[R] Evaluating lazily 'f<-' ?
Leonard Mada
|eo@m@d@ @end|ng |rom @yon|c@eu
Mon Sep 13 18:17:18 CEST 2021
Hello Andrew,
this could work. I will think about it.
But I was thinking more generically. Suppose we have a series of functions:
padding(), border(), some_other_style();
Each of these functions has the parameter "right" (or the group of
parameters c("right", ...)).
Then I could design a function right(FUN) that assigns the value to this
parameter and evaluates the function FUN().
There are a few ways to do this:
1.) Other parameters as ...
right(FUN, value, ...) = value; and then pass "..." to FUN.
right(value, FUN, ...) = value; # or is this the syntax? (TODO: explore)
2.) Another way:
right(FUN(...other parameters already specified...)) = value;
I wanted to explore this 2nd option: but avoid evaluating FUN, unless
the parameter "right" is injected into the call.
3.) Option 3:
The option you mentioned.
Independent of the method: there are still weird/unexplained behaviours
when I try the initial code (see the latest mail with the improved code).
Sincerely,
Leonard
On 9/13/2021 6:45 PM, Andrew Simmons wrote:
> I think you're trying to do something like:
>
> `padding<-` <- function (x, which, value)
> {
> which <- match.arg(which, c("bottom", "left", "top", "right"),
> several.ok = TRUE)
> # code to pad to each side here
> }
>
> Then you could use it like
>
> df <- data.frame(x=1:5, y = sample(1:5, 5))

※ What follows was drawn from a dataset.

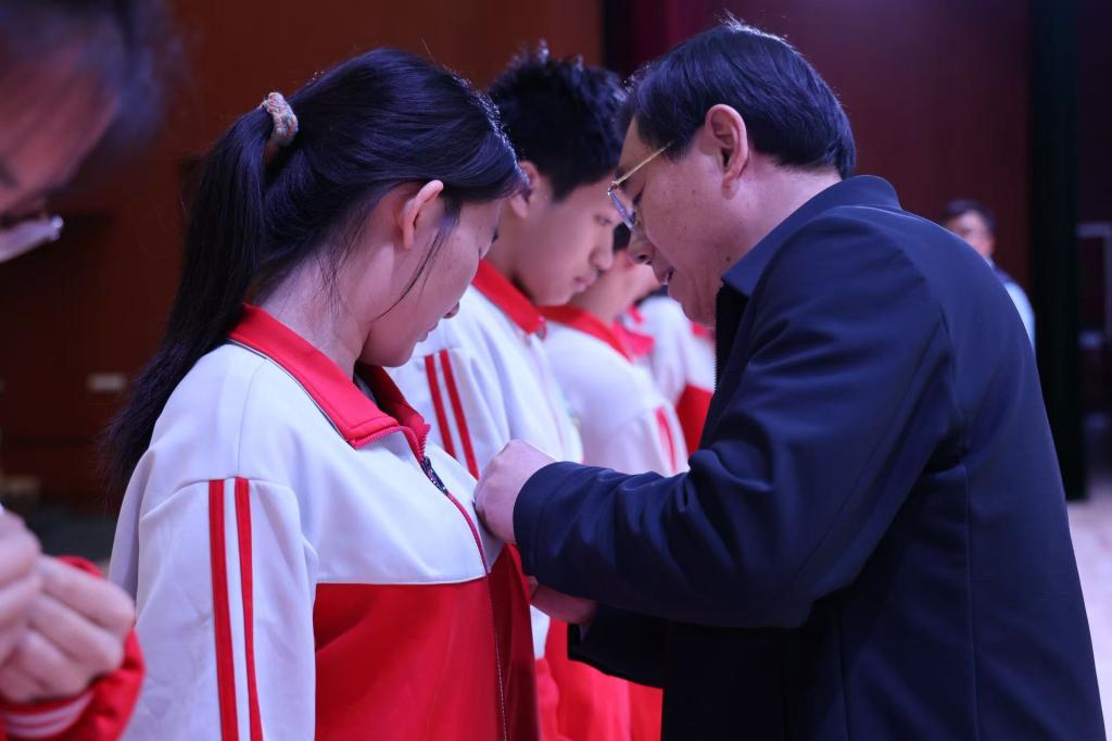 仪式在庄严的国歌声中拉开帷幕。学校办公室副主任、团委副书记曹婉婉宣读了关于批准462名同学加入中国共产主义青年团的决定,现场响起热烈的掌声,向新团员表示祝贺。随后,与会领导为团员代表佩戴团徽、颁发团员证,一枚枚闪耀的团徽承载着责任与使命,一份份团员证见证着青春与信仰。

> padding(df, "right") <- 1
>
> Does that work as expected for you?
>
> On Mon, Sep 13, 2021, 11:28 Leonard Mada via R-help
> <r-help using r-project.org <mailto:r-help using r-project.org>> wrote:
>
> I try to clarify the code:
>
>
> ###
> right = function(x, val) {print("Right");};
> padding = function(x, right, left, top, bottom) {print("Padding");};
> 'padding<-' = function(x, ...) {print("Padding = ");};
> df = data.frame(x=1:5, y = sample(1:5, 5)); # anything
>
> ### Does NOT work as expected
> 'right<-' = function(x, value) {
> print("This line should be the first printed!")
> print("But ERROR: x was already evaluated, which printed
> \"Padding\"");
> x = substitute(x); # x was already evaluated before substitute();
> return("Nothing"); # do not now what the behaviour should be?
> }
>
> right(padding(df)) = 1;
>
> ### Output:
>
> [1] "Padding"
> [1] "This line should be the first printed!"
> [1] "But ERROR: x was already evaluated, which printed \"Padding\""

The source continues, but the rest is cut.